On July 24, 2018, the Company was given notice of the commencement of an inspection procedure regarding fiscal year 2017.

On November 7, 2018, the Company was notified of the commencement of a determination procedure with respect to the projected adjustment for fiscal years 2011 to 2016, inclusive. The Company filed its defense on December 21, 2018.

Notwithstanding the progress of these proceedings and ongoing investigations (and prosecution of other companies in the industry), the Company, based on its opinion and that of its external advisors, considers that it has strong arguments defending the adopted criteria to be strong. Without prejudice to the foregoing, the Company will evaluate the most convenient alternatives related to this issue. See Note 30.j.

 

   

Dispute over customs duties

Between 2006 and 2009, the Customs General Administrations in Neuquén, Comodoro Rivadavia and Puerto Deseado brought certain summary proceedings based on alleged formal misstatements on future commitments of crude oil deliveries in the loading permits, for periods prior to and subsequent to the existence of export duties, for which they calculated the difference between the contractual price declared and the price in force at the time of export to determine fines under the terms of the Customs Code.
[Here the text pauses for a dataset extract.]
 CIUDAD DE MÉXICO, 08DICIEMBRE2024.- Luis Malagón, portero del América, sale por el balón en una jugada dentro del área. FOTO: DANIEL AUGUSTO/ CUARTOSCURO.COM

The Customs General Administration may question whether the contractual price agreed to by the Company and declared in loading permits is an appropriate amount when calculating export duties. However, the Company understands that there is no violation for declaring the contractual price of a transaction.
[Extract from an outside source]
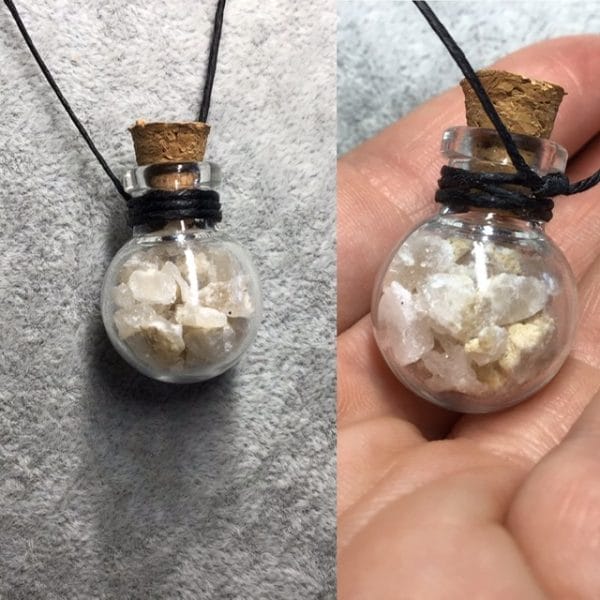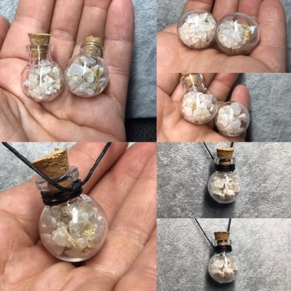Vous recevrez une des fioles présentées sur les photos, dotée d’un cordon pour pouvoir la porter en pendentif

The summaries ended the administrative reviews before the Customs General Administration and are in full appeal before the Argentine Tax Court. On March 3, 2017, the Company was notified of an adverse judgment handed down by the Argentine Tax Court regarding the criteria employed for crude oil delivery operations after 1998 and for which fines were determined in accordance with Article 954 (c) of the Customs Code for approximately 11 exports that occurred prior to the existence of export duties. The Company appealed before the Court of Appeals with staying effects.

 

On March 31, 2017, the Company resolved to pay differences in export duties that had been objected to by several Customs, arising from future deliveries of crude oil commitments, by adhering to the anticipated moratorium provided for in Law 27,260. This action allowed the abatement of interest and cancellation of the applied fines underlying the substantial obligation. For this purpose, presentations were file in all pending administrative and judicial cases evidencing the payment of the export duties and, where appropriate, the request for remission of the fines applied under the provisions set forth in Law 27,260. The summary proceedings and other proceedings in which the application of a fine is the matter at issue when there were no export duties are still pending, applying in that case the fine contemplated in article 954 clause c), which amounts to 400 as of the date of this consolidated financial statements.

On April 18, 2018, the Company was notified of the judgement rendered by the Federal Appeals’ Court No. IV which ruled that the fines imposed by the customs authority of Neuquén were condoned, due to the fact that there were no export duties, based on section 56 of Act No. 27,260. The Customs authority filed an extraordinary appeal before CSJN. The same decision was adopted in a judgment recently rendered in another case by the same Court of Appeals, which was also appealed to the CSJN.

The Company, based on its opinion and that of its external advisors, believes the claim has no legal merit and that it has a strong case in defense of the approach adopted in the dispute mentioned above.

28.b.5) Other claims

Additionally, the Group has received other labor, civil and commercial claims and several claims from the AFIP and from provincial and municipal fiscal authorities, not individually significant, which have not been accrued since Management, based on the evidence available as of the date of issuance of these consolidated financial statements, has assessed them to be possible contingencies.